Are we doomed to become what we hate? Is a single life, like the political spectrum, a horseshoe? 1 I have to stare deeply into my soul and ask these questions, because I bought a record player.

I'm kidding, but like all jokes, there's truth here. I was born in the early 80s. Oh. Hold on.

Callie's Life with Music

So I was born in the early 80s. My first music at home was cassette tapes. My parents owned records, but not a player. I have no idea why; I would assume, given how little money we had, that their player broke and they couldn't afford to replace it, something like that. My parents didn't listen to a lot of music when I was little. We just didn't have a player. They got me one of those kid sized boomboxes that recorded, so the tape I listened to the most was my own. I recorded the intros to cartoons and listened to them over and over. The tape I listened to the most started with the theme song from Bucky O'Hare which probably tells you more about me than you needed to know.

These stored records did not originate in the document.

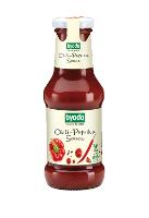 Saftige Paprika und feurige Chillies vereinen sich köstlich in der Byodo Chili-Paprika Sauce. Die vegane Feinkostsauce ist frei von Hefe und Gluten.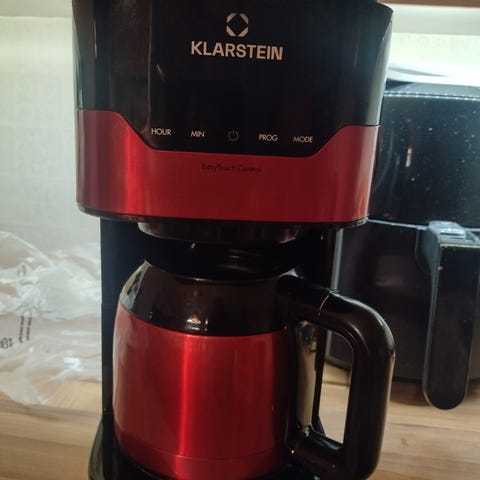 Hyväkuntoinen kahvinkeitin termoskannulla, keittimessä myös arominsäätökytkin joten voit valita vahvan ja miedon kahvin välillä. Automaattinen virrankatkaisu, Keittimellä vielä takuuta 18.7.2026 asti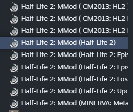 예시) 하프라이프 2는 HL2MMod_HL2 - Custom 폴더, 하프라이프 2 에피소드 1 이면 HL2MMod_EP1 - Custom 폴더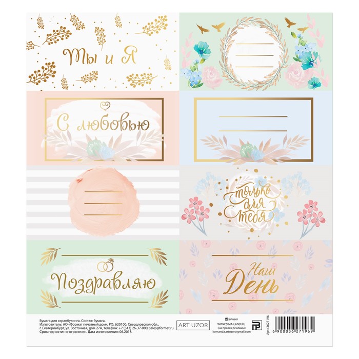 Бумага для скрапбукинга «Ты и Я», 15,5 × 15,5 см, 180 г/м
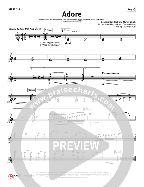Download the Violin sheet music for Adore by Chris Tomlin, from the album Adore: Christmas Songs Of Worship. This song was arranged by Jared Haschek / Daniel Galbraith in the key of A, B, Bb, C, D, Db, E, Eb, F.

The arguments in Genshiken about anime were a little too real, but I also found myself sympathizing with the guy who said he just likes intros you can yell the chorus along to.

Anyway, I went from that to a Talkboy, the Walkman-with-a-phallus popularized by Home Alone 2. Other cassettes I remember owning were the one big New Kids on the Block album -- I only ever listened to the first song -- and Jackson's Thriller -- I only ever listened to the last song, constantly seeking that high of hearing Vincent Price's voice crack into the track.

My parents bought a stereo with a CD player around the time I was 10 or 11; when they weren't using it I was allowed to, but it was in their bedroom, so my first moments listening to music "for real" were strange, lying on my parents' bed in the afternoon, listening to the Gin Blossoms on the Wayne's World 2 soundtrack and discovering Weird Al before hearing most any of the artists he was parodying.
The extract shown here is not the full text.